Ga. Court of Appeals Rules for Insurance Company in UM Coverage Dispute Arising from 2015 Auto Accident

Georgia law requires auto insurance companies to offer “uninsured motorist” (UM) coverage with every new policy. As you probably know, UM coverage provides you with benefits if you are injured by an unknown driver in a “hit and run” accident, or by a known driver who simply lacks sufficient insurance to compensate you for your injuries. By default, your insurer must offer minimum UM coverage of $25,000 per person (or $50,000 per accident), or the level of standard liability coverage, whichever is higher at the time.

You are, of course, free to reject UM coverage when you purchase your insurance policy. The insurance company is required to get this rejection in writing. Once you reject UM coverage, keep in mind the insurer is not required to get a new rejection each year when you renew the policy. In other words, once you reject UM coverage, that rejection may remain in force as long as you keep that same policy.

Hunter v. Progressive Mountain Insurance Company

What if you make changes to an existing policy? Does the insurer have to re-offer UM coverage at that point? A recent decision from the Georgia Court of Appeals, Hunter v. Progressive Mountain Insurance Company addressed this subject. The plaintiffs in this case are a husband and wife who purchased an auto insurance policy from Progressive in 2010. They renewed the policy each year. In 2012, they asked for an increase in their standard coverage limits. Progressive did not offer, nor did the plaintiffs request, an increase in any UM coverage.

In 2015, the wife sustained injuries in an auto accident. The other driver admitted fault land settled for the limits of their own insurance policy, which was not enough to cover the wife’s medical bills. She therefore sought UM benefits from Progressive.

Progressive claimed the husband signed a waiver of UM coverage, which the plaintiffs disputed. But the question before the Court of Appeals related to a narrower issue: Was Progressive obligated to offer an increase in UM coverage when the plaintiffs decided to raise their liability limits in 2012?

The Court of Appeals said the answer to that question was “no.” For one thing, the plaintiffs never expressly requested such additional coverage. And in any event, the law only required Progressive to offer UM coverage at the time the policy was created and issued, not when it was renewed.
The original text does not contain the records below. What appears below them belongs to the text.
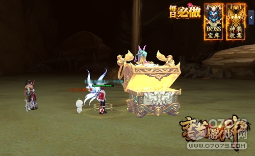 传说中的神魔秘宝现世,引爆全服开启夺宝乱斗!每天15:00和19:30进行限时挑战,由于宝藏守护者实力强大,需要最少5名玩家联合作战,战士嘲讽开怪,祭祀回血加奶,不同职业配合才能成功将其击杀。BOSS死亡后在场玩家将开始抢夺掉落的神魔秘宝,开启宝箱即可获得金色符魂、异兽之魂等丰厚奖励!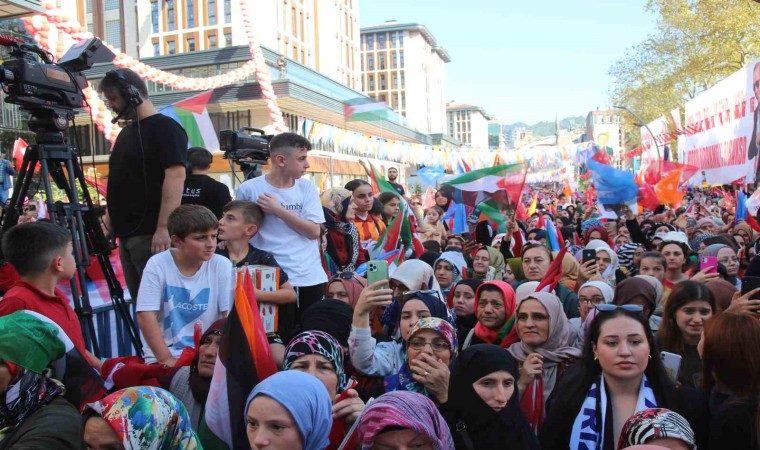 “Ülkemizin içinde bulunduğu çevre başta olmak üzere dünyada yaşananları olup bitenleri görüyorsunuz” diyen Erdoğan, “Adeta bir ateş çemberinin ortasındayız. Hamdolsun bu ateşin ülkemize zarar vermesini önleyecek güce de imkana da dirayete de tecrübeye de sahibiz. Karadeniz’e barış gelecekse emin olun bizimle gelecek. Suriye ve Irak sınırlarımızın bu ülkedeki kardeşlerimizin istikrarıyla güvende kalmasını biz sağlayacağız. Balkanlar’da, Kafkaslar’da huzur ve güveni kalıcı şekilde tesisini biz temin edeceğiz. Kuzey Afrika’dan Güney Asya’ya dostlarımızın ve kardeşlerimizin yaşadığı her yerde kalplerin ve gözlerin aradığı o beklenen biz olacağız. Filistinli kardeşlerimizin İsrail zulmünden kurtulması Gazze’de tüm dünyanın gözleri önünde işlenen katliamların durdurulması bizim boynumuzun borcumuzdur. Filistin topraklarının dört bir yanında çocukları, anneleri, masumları öldüren katillerin mazlumların malını çalan hırsızların yakasına yapışmak bizim insani vazifemizdir. Bu ahlaksız, vicdansız, alçakça katliamı yapanları destekleyenlerin yüzlerine gördüğümüz her yerde suçlarını haykırmakta tarihe karşı sorumluluğumuzun bir gereğidir. İlk kıblemiz Mescid-i Aksa’yı içinde barındıran Kudüs-ü Şerif diğer inançların mensuplarının da haklarını gözetecek şekilde mahrumiyetini korumak onların mahremiyetini korumak manevi görevlerimiz arasındadır. Şundan emin olunuz ki biz Filistin meselesinde Gazze’de yaşananlar konusunda gözükenden çok daha fazlasını yapıyoruz. Yapmayı da sürdüreceğiz. Gazze’deki kardeşlerimizi asla sahipsiz çaresiz ve tek başlarına bırakmıyoruz, bırakmayacağız. İçimizdeki kimi gafiller bilmese de Gazze’yi ve Filistinli kardeşlerimiz bunu çok iyi biliyor” ifadelerini kullandı.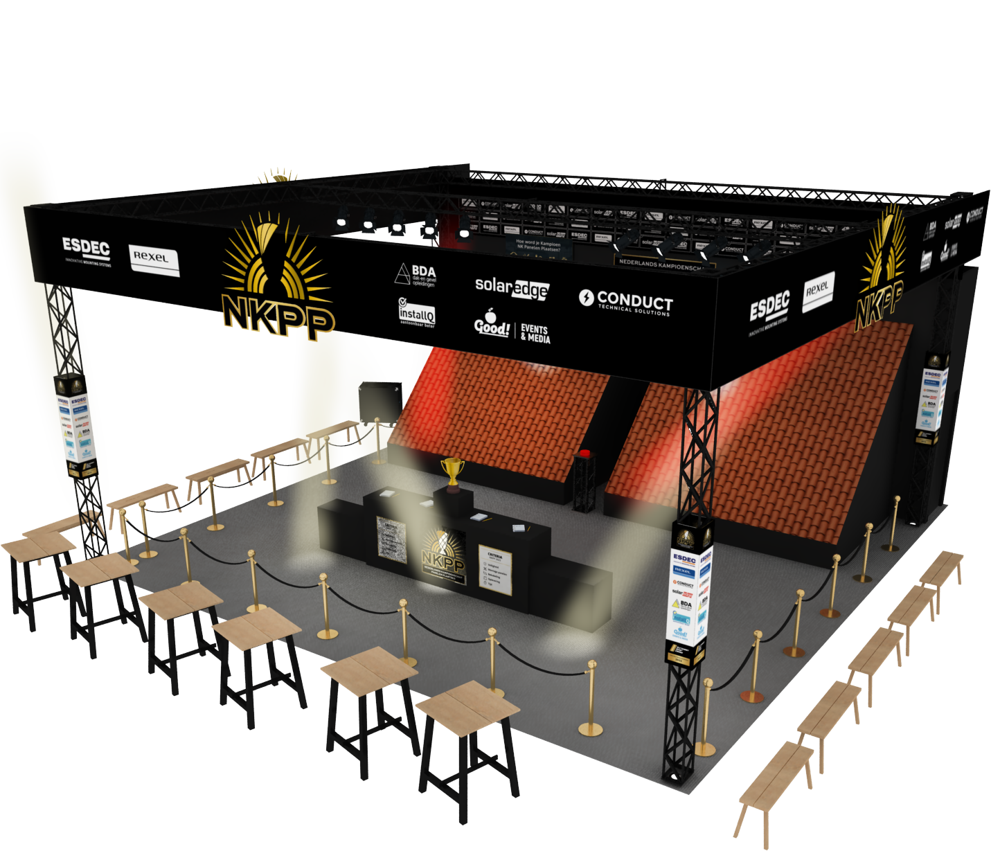 Een team van technici en spierballen is op locatie aanwezig om de beursstand op te bouwen, zodat jouw team bij binnenkomst direct aan de slag kan.

The fact the plaintiffs increased their limits on an existing policy did not create a new policy. And there is “nothing in the statute requiring Progressive to re-offer the statutory minimum UM coverage based on a change to an already existing policy.”

The Court of Appeals was careful to explain that based on its understanding of the case, the plaintiffs “elected to decouple the amount of UM coverage from the amount of standard liability coverage.” That is, there was no reason for Progressive to treat a request to increase the standard coverage as also requesting an increase in UM coverage. While it might have been “good business policy” for Progressive to have offered an increase in UM coverage, the Court of Appeals said it was not legally required to do so.